From Seed to Store: Growing Lettuce Year Round in North Carolina

Written by Meredith Cohen

A Co-op Visit to Red Hawk Farm!

Lettuce is one of those foods we’ve come to take for granted in our daily lives. Side salads appear year-round on menus at almost every restaurant; a salad is often the healthiest lunch option we have when we’re on the go, or the perfect addition to a potluck meal; a sandwich or burger doesn’t feel complete without some crispy lettuce on top. Lettuce is healthy, delicious, and seemingly everywhere!

But lettuce is also delicate, highly perishable, and a little bit fussy as veggies go. The reality is that in North Carolina, there are only a couple of windows of time in fall and spring when natural conditions are ideal for growing these leafy greens. Lettuce requires specific conditions to not only grow, but also taste great. And yet – somewhat miraculously – we are lucky enough to have delicious salad greens on the shelf at the Durham Co-op year round that come from right down the road at Red Hawk Farm! How does this magic happen? How are we so lucky to have these precious local greens available to us all months of the year?

Turns out the magic is actually a ton of hard work, attention to detail, infrastructure, and expertise that Brett Evans and his team at Red Hawk Farm put into the farm every day. Meredith, Local Vendor Ambassador for our Marketing Team, and Cam, our Produce and Meat Manager, were lucky enough to visit the farm for a tour last month, and they got the full scoop on what it takes to steward these greens from seed to store during our coldest and hottest months in North Carolina.

Red Hawk Farm

Brett Evans bought the land for Red Hawk Farm just three years ago in 2016. What began as raw land has transformed into 8 high-tunnels covering 1 acre of ground (with more in the works), and additional 2-3 acres of field in vegetable production.

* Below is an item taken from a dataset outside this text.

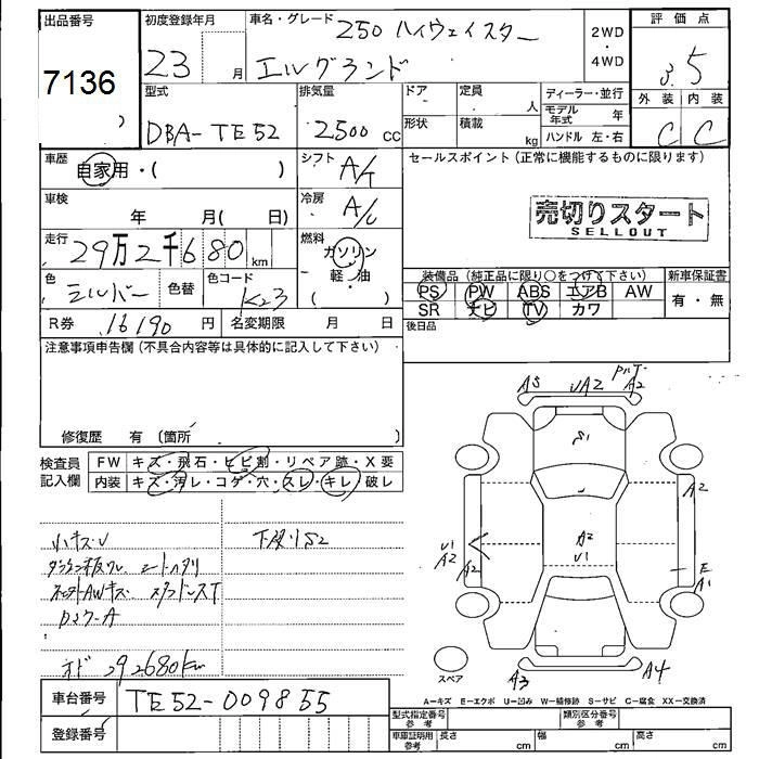 NISSAN ELGRAND 2011 г., лот № 7136
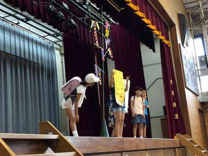 7/5 七夕集会 公開日 2018/07/06 更新日 2018/07/06 学年 体育館にて、七夕集会が行われました。 集会委員会が企画した劇やクイズで七夕への理解を深めました。 2020年の東京オリンピックパラリンピックに向け、外国の方に行事の説明をしたり、日本の伝統行事についての理解を深めたりするきっかけになればと思います。 集会の最後には各クラスの代表者がクラスの願いごとを発表しました。 七夕まであと2日、みんなの願いがかなうといいですね。

Growing greens year round requires a lot of infrastructure: a new farm needs a driveway, electricity, a well and waterlines for irrigation, and graded, level ground for construction of high tunnels and greenhouses. It’s amazing how quickly Brett has grown this business into the year-round, certified organic operation that Red Hawk Farm has become – they now supply thousands of bags of greens a week to restaurants, grocery stores, and local farmers markets! Needless to say, the Durham Co-op is proud to be one of their largest buyers!

Growing Lettuce in Winter

How do you grow lettuce during the winter in North Carolina, when the temperature is often below freezing? Winter growing is all about keeping things warm enough, from seeding until harvest. The life of your salad mix from Red Hawk Farm starts in a germination chamber (a converted cooler that also has heating capability), built specifically to keep seeds warm and humid enough to germinate during the cold months.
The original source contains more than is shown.